Каждый повстанческий атаман достоин отдельного рассказа. Своим героизмом, готовностью отдать жизнь, сражаясь за волю, они стяжали добрую и долгую славу в народе. Можно назвать еще десятки и десятки замечательных разинцев. В любой географической точке, где занялся огонь восстания, были свои предводители, свои признанные вожаки, которые в правительственных документах обычно названы «пущими ворами» или «заводчиками», то есть подстрекателями, зачинщиками.

У них были русские и нерусские имена. У них были разные судьбы. Но все они полны были решимости стать заступниками угнетенных и обездоленных, не дать в обиду вдов и сирот, призвать к ответу богатеев и власть имущих, дьяков и подьячих — червей приказных, жадно сосущих из народа соки.

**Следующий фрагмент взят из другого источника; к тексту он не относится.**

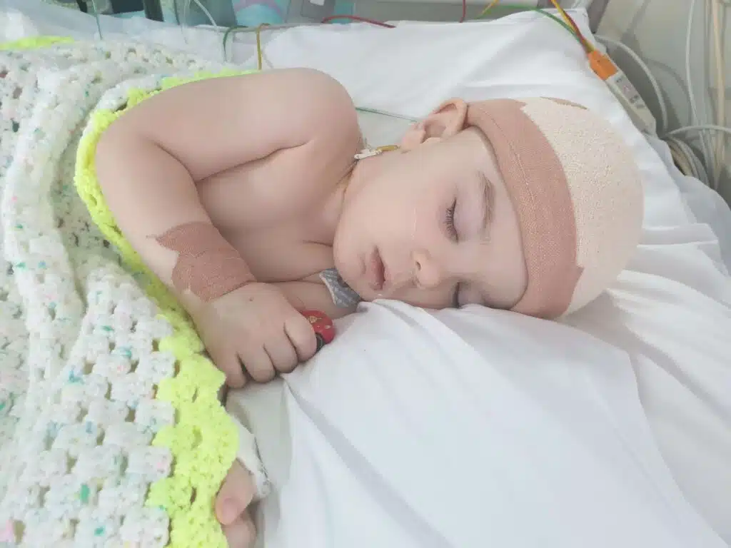 The diagnosis of medulloblastoma, a type of brain tumour was the Friday afternoon and Jacob’s surgery to remove the tumour was scheduled for the Monday. He was kept at the hospital to be monitored but on the Sunday he was so ill that he was rushed into surgery to have a brain drain inserted. The tumour had caused Hydrocephalus and Jacob was not likely to make it to the scheduled surgery. He was in surgery for four and half hours. We were not able to pick him up for a cuddle for the next week as he could not be moved due to the drain. The next day, Jacob went to theatre to have his tumour removed. He was in for 11 hours and the surgery was a success, the tumour had been removed. The problem was the cancer had already spread due to the brain fluid carrying it around the brain and spine. The next surgery was that Friday when Jacob had his central line fitted and the drain was replaced by a ventriculoperitoneal (VP) shunt. We could cuddle our boy once more.

На Слободской Украине параллельно с Фролом Разиным успешно действовал крупный руководитель восставших Леско (Алексей) Григорьев по прозвищу Черкашенин (черкасами и черкашенами в XVII веке часто называли украинцев). Физические способности этого человека были ограничены: в одном из сражений пуля раздробила ему ногу, в другом он потерял глаз. Но возможности его духа, степень его отваги в бою были поистине беспредельны. Недаром с Леско побратался сам Разин.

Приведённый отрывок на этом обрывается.